It is not a straight forward question to answer because I think a lot depends on personal strengths and weaknesses and how these relate to your rank. Putting this point to one side though, the below are possibly my personal highlights of the books I have tried to read (150+):
Beginner - DDK
Second Book of Go - Richard Bozulich
Tesuji - James Davies
Opening Theory Made Easy - O. Hideo
Go for Beginners - K. Iwamoto
Lessons in the Fundamentals of Go - T.Kageyama
Intermediate - SDK
Reducing Territorial Frameworks - Shuko Fujisawa
Utilising Outward Influence - Jin Jiang
Great Joseki Debates - Honda Kunihisa
Breakthrough to Shodan - N. Miyamoto
Mastering the Basics series
Advanced - Dan
Relentless - Go Game Guru (I very much recommend this)
Katos’ Attack & Kill - M. Kato
Invincible - John Power
Whole Board Thinking in Joseki V1 & V2 - Yi-Lun Yang (probably SDK level but you need a good joseki knowledge first)

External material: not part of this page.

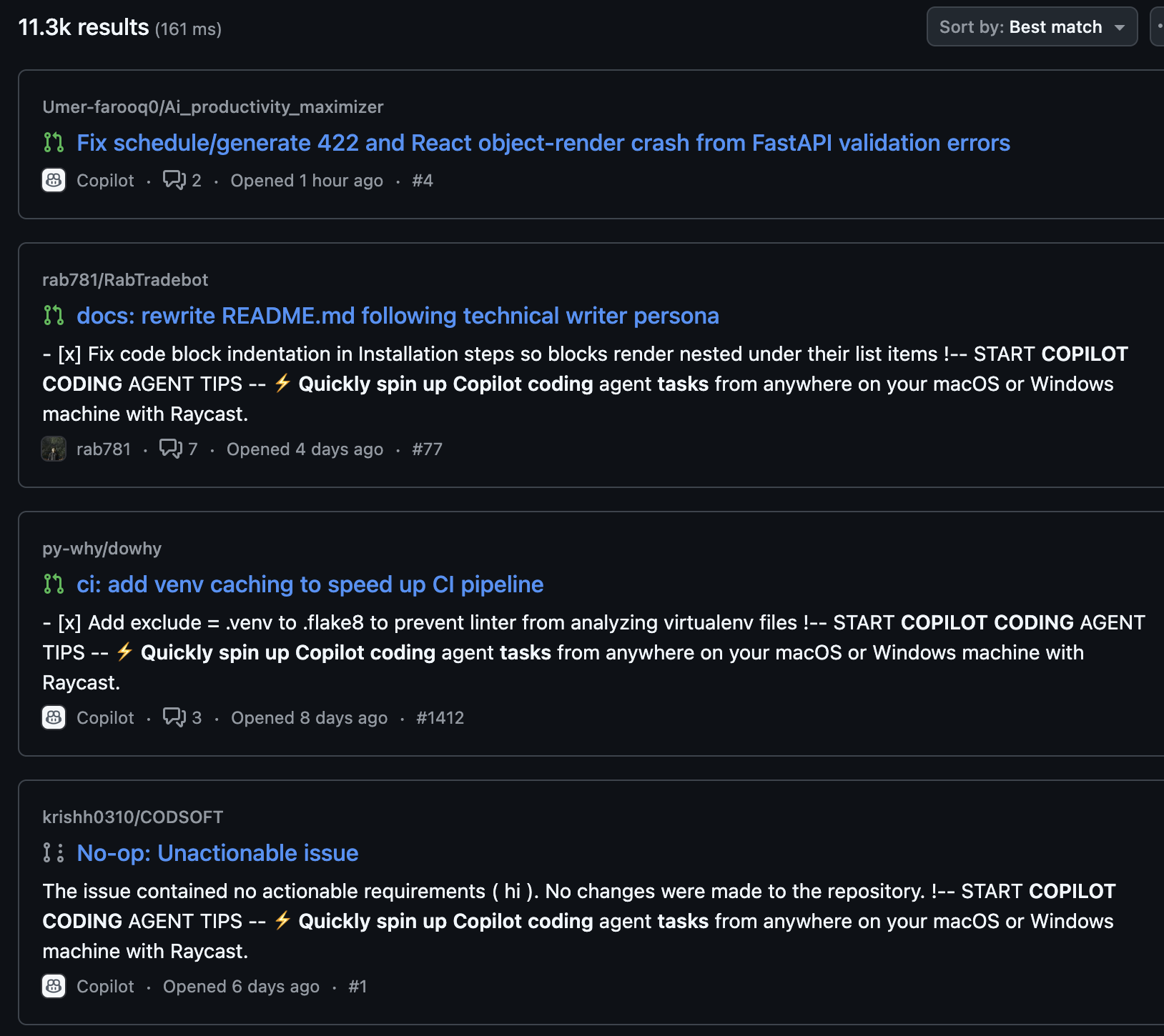 Attached: 4 images Interesting to see Copilot injecting ads into PR descriptions. Although there are a handful of older instances of this, if GitHub search is working properly, it looks like this started happening at scale around 10 days ago with more than 1k injections of this particular ad per day since then (if you search for other ad strings, you can find the rate of other ads) https://github.com/search?q=%22%E2%9A%A1+Quickly+spin+up+copilot+coding+tasks+from+anywhere+on+your+macOS+or+Windows+machine+with+Raycast%22&type=pullrequests&s=created&o=asc&p=1 What will they think of next?

On the general debate of how to improve here are some other tips that have helped me at various stages:
- Play games as much as possible (the first thing my go teacher told me was i need to be playing daily)
- Always review your games afterwards. Everyone should be able to see where they and where their opponents gained the points. The why then follows. If you can then go software/a go teacher/people at your go club will also help with this.
- Do daily life and death problems (between 10 and 20). This helps with your reading ability.
- Don’t bother analysing professional games in detail until you are a sufficient standard because most of it is above your head (just do it for fun). Focus on getting the basics right first.
- If you can afford it then the thing that has helped me the most is Guo Juan’s internet go school.